Black Film Through A Psychodynamic Lens
$40.00
by Dr. Katherine Marshall Woods
Black Film Through a Psychodynamic Lens delves into the nuanced character development and narrative themes within the struggles and successes presented in Black films over the last five decades.
In this pioneering book, Katherine Marshall Woods looks at Black cinema from a psychological and psychoanalytic perspective. Focusing on a decade at a time, she charts the development of representation and creative output from the 1980s to the present day. She deftly moves from analyzing depictions of poverty and triumphs to highlighting the importance of cinema in shaping cultural identity while considering racial prejudice and discrimination. Adopting theoretical viewpoints from Freud to bell hooks, Marshall Woods examines the damaging effect on cultural psychology as a result of stereotypical racial tropes, and expertly demonstrates the healing that can be found when one sees oneself represented in an honest light in popular art.
From Do The Right Thing, The Color Purple and Malcolm X to contemporary classics like 12 Years a Slave, Black Panther and American Fiction, this book is an essential read for those interested in the intersection between Psychology, Psychoanalysis, Film Theory and African American cultural identity.
Paperback | 146 pages | Routledge; 1st edition | 2024
Dr.
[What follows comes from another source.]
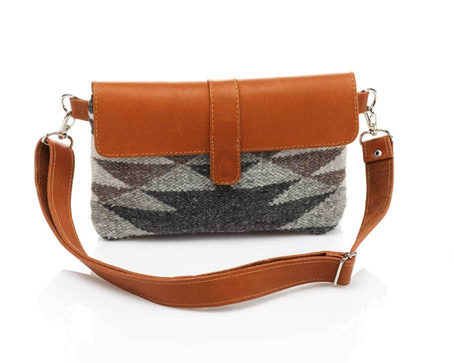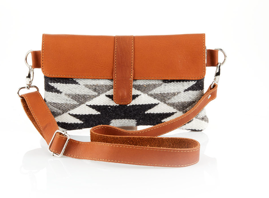 Handwoven on a manual loom from cotton and wool, this unique waist bag uses a traditional tapiz-style weave in neutral gray, cream, and black, accented by soft, genuine leather. Features silver hardware with zip closure. Black nylon lining. Adjustable 39"l leather waist strap with clip. Bag is 48"l with strap. Pattern may vary, let us choose for you. Spot clean. 5"w x 9"h
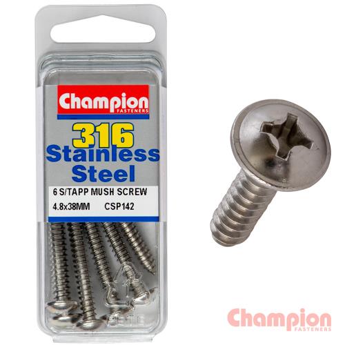 CSP142 | Champion S/Tapping Screws - Mushroom Head - 4.8 x 38mm • 4.8mm x 38mm • Stainless Steel, Marine Grade 316/A4 • Self-Tapping • Mushroom Head • Pack Size: 6

Katherine Marshall Woods, Psy.D. is a media psychologist and licensed clinical psychologist in Washington, DC. She is a member of core faculty with The George Washington University Professional Psychology Program and is in private practice serving those with a history of trauma. Dr. Marshall Woods spearheads PsychMinded Media that affords her the opportunity to work with actors, screenwriters, producers, and directors and collaborate with film festivals in the US and abroad. Dr. Marshall Woods co-leads the Psychoanalytic Takes on Cinema with the Washington Baltimore Center for Psychoanalysis and is developer of Cinematic Imprints with American Psychological Association’s Division 39, Society for Psychoanalysis and Psychoanalytic Psychology.